Regressamos muito à autobiografia de Luis Buñuel, O Meu Último Suspiro, um tratado das tropelias da criatividade de grupo, e dos limites da vida e do espectáculo, ou entre ambos. Teve uma edição portuguesa, que hoje se perderia entre novelas de mulheres árabes sofredoras, folhetos de auto-ajuda com receitas místicas e dietéticas, manuais de assassínio comercial e romances portugueses no mau sentido dos dois termos.

Temos falado pouco de teatro. Mas a melhor maneira de falar dele é cada vez mais não falar muito.

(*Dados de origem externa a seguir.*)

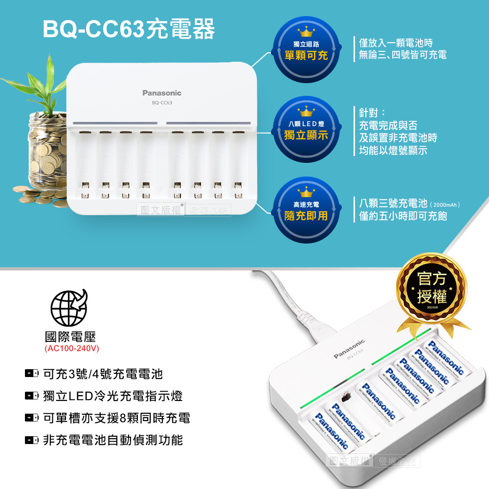 Panasonic 國際牌 BQ-CC63 智控 8 槽電池充電器+ eneloop pro 鎳氫充電電池 (4號4入)

«… Quanto a La Mort En Ce Jardin, recordo-me sobretudo de problemas dramáticos em relação ao argumento, o que é a pior das coisas. Não conseguia resolvê-los. Muitas vezes, levantava-me às duas horas da manhã para escrever, durante a noite, as cenas que entregava a Gabriel Arout para que ele me pudesse corrigir o francês. Tinha de rodar essas mesmas cenas no próprio dia. Raymond Queneau veio passar quinze dias ao México para tentar, em vão, ajudar-me a sair desta alhada. Recordo ainda o seu humor, a sua delicadeza. Ele nunca dizia: «Não gosto disto, não é bom», mas fazia sempre começar as suas frases por um: «Pergunto-me se…»

Ele foi o autor de uma descoberta engenhosa. Simone Signoret, no papel de uma prostituta que vive numa pequena cidade mineira onde já tinham ocorrido distúrbios, está a fazer as suas compras numa mercearia. Compra sardinhas, agulhas, diversos produtos de que precisa, e, depois, pede um sabão. Nesse momento, ouvem-se os toques de corneta dos soldados que vinham restabelecer a ordem na cidade. Ela muda de repente de opinião e pede cinco sabões.

Infelizmente, por razões que já não me recordo, esta curta cena de Queneau não pôde figurar no filme.

Julgo que Simone Signoret não tinha qualquer desejo de fazer La Mort En Ce Jardin, preferindo ficar em Roma com Yves Montand. Tendo de passar por Nova Iorque a caminho do México, ela introduziu ostensivamente no seu passaporte documentos comunistas, ou soviéticos, na esperança de que as autoridades americanas a mandassem para trás – no entanto, deixaram-na passar sem qualquer comentário.

Como se mostrou bastante turbulenta durante a rodagem do filme, distraindo os outros actores, um dia pedi ao chefe maquinista que pegasse numa fita métrica, medisse uma distância de cem metros a partir da máquina de filmar e instalasse a esta distância os lugares dos actores franceses.

Em contrapartida, graças a La Mort En Ce Jardin conheci Michel Piccoli, que se tornou um dos meus melhores amigos. Fizemos cinco ou seis filmes juntos. Gosto do seu sentido de humor, da sua generosidade secreta, do seu grão de loucura e do respeito que nunca me tem.»